It’s fourteen year old Emma’s first summer away from home: she’s off to what is colloquially known as Camp Rich Bitch, a summer camp for the East Coast’s elite. Because Emma, thanks to her negligent parents, arrives late, she ends up sharing her cabin with three other girls, all of whom are several years older. A week after the start of the camp, the girls suddenly vanish. Emma is left behind, confused and hurt. But Emma isn’t entirely truthful.
The camp closes not long after the girls’ disappearance. A decade and a half later, Emma is suddenly approached by the camp’s former director, Franny. Franny has plans to reopen the camp and asks Emma, now a moderately successful artist, to come and work for her, to teach the girls how to paint. Emma accepts the offer, but is weary at the same time. Does Franny have an ulterior motive? Will the girls ever be found?
The Last Time I Lied is a pretty solid thriller, if not entirely original. I liked the setting of summer camp, and to Sager’s credit, he seems fairly competent when it comes to writing that wiliest, trickiest of characters: the teenage girl. In his world, they are neither vicious harlots nor waif-like innocents; they fall somewhere in the middle, and there’s a spectrum. They’re not all great, but by and large it was refreshing to see an author who has at least a moderate understanding of teenagers beyond “they all suck”. Weirdly, the girls are the only ones with some personality; with everyone else he aims for enigmatic and ends up with bland.
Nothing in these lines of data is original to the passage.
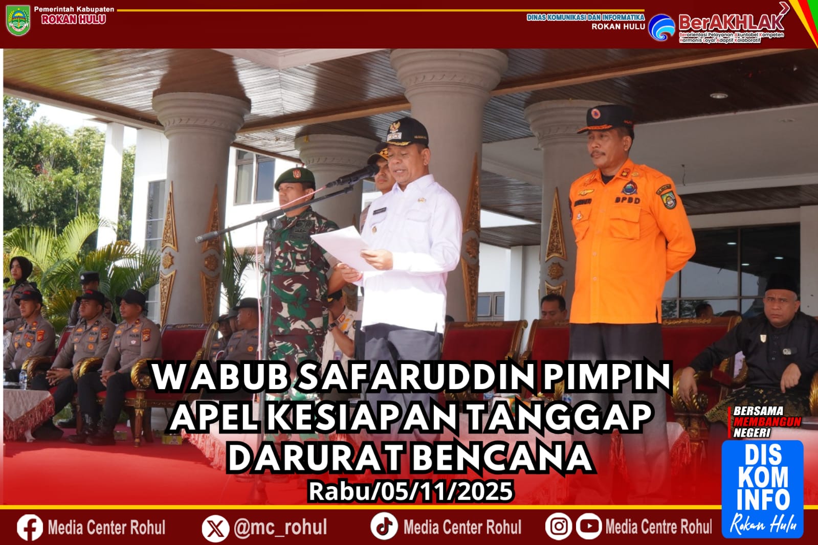 Rohul – Apel kesiapan dalam rangka tanggap darurat bencana hidrometeorologi yang diselenggarakan secara serentak di seluruh Indonesia di halaman Kantor Bupati Rokan Hulu dipimpin oleh wakil Bupati Rokan Hulu H. Syafarudin Poti, SH, MM, Rabu (5/11/2025).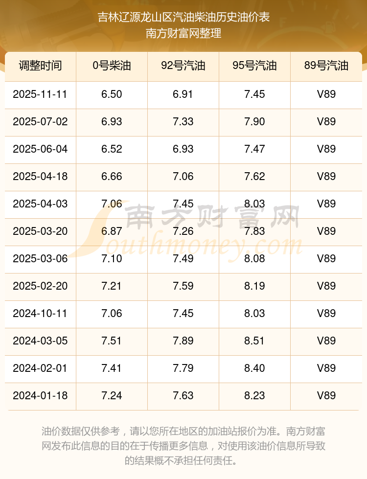 吉林遼源龍山區(qū)歷史油價(jià)表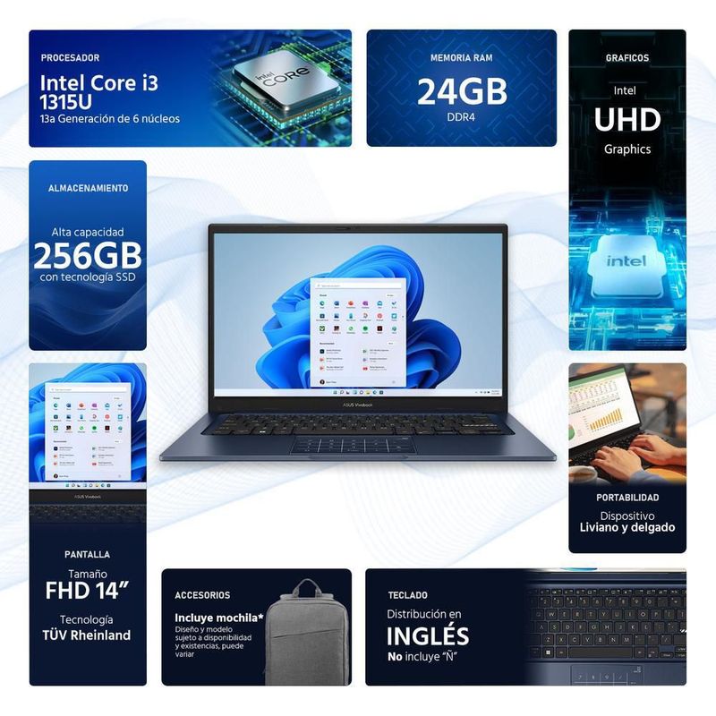 CómputoPortátilesLaptopsLaptop asus vivobook 14 core i3 24gb ssd 256gb 14 mochila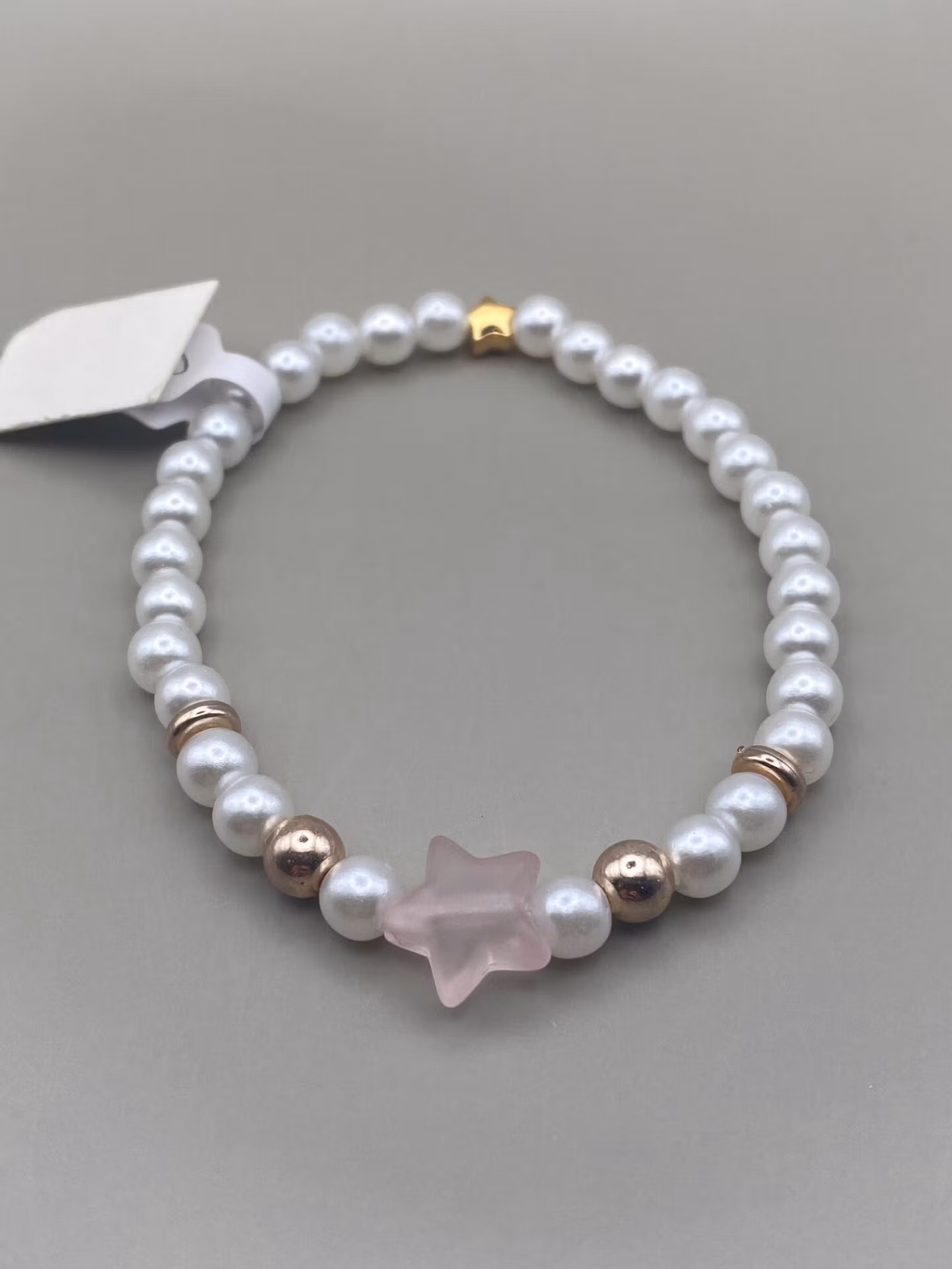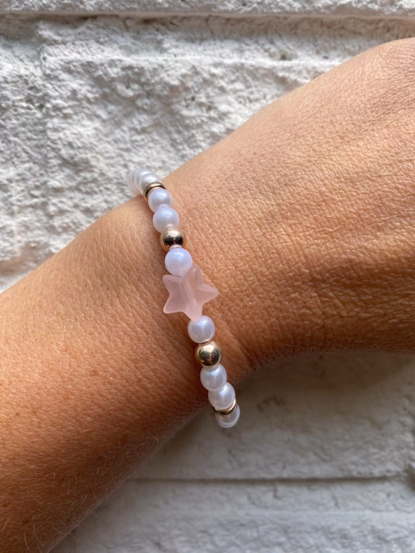 Armband i kritvita pärlor varvat med roséfärgade detaljer och ljusrosa frostad stjärna i blickfånget

Emma, as a main character, is mostly annoying and a little flat, though she works well enough to keep the plot going forward. And while she frequently pissed me off, she thankfully doesn’t suffer from the hypercompetence syndrome that so many main characters in crime fiction seem to have, so that’s something. She has low self esteem, she frequently jumps to the wrong conclusion and she kind of sucks at sleuthing. That last part, admittedly, isn’t ideal in a thriller, but it makes for a nice change from the know-it-all detective who is ThE oNlY oNe who can solve the crime.
Some of the aspects of the book work less well than others – a vague ‘haunted forest’ plotline that we really didn’t need, and the characters could do with a bit of depth – but it did keep me guessing. The final resolution is one that I didn’t see coming and stops just shy of being too outrageous. The ending is predictable, but sweet, and a bit of predictability can be nice and soothing sometimes, so I didn’t mind.
I must admit that I wasn’t too optimistic starting this one, and that was unnecessary. I’m not going to run to the library for my next Sager book, but I’ll definitely give him another go at some point.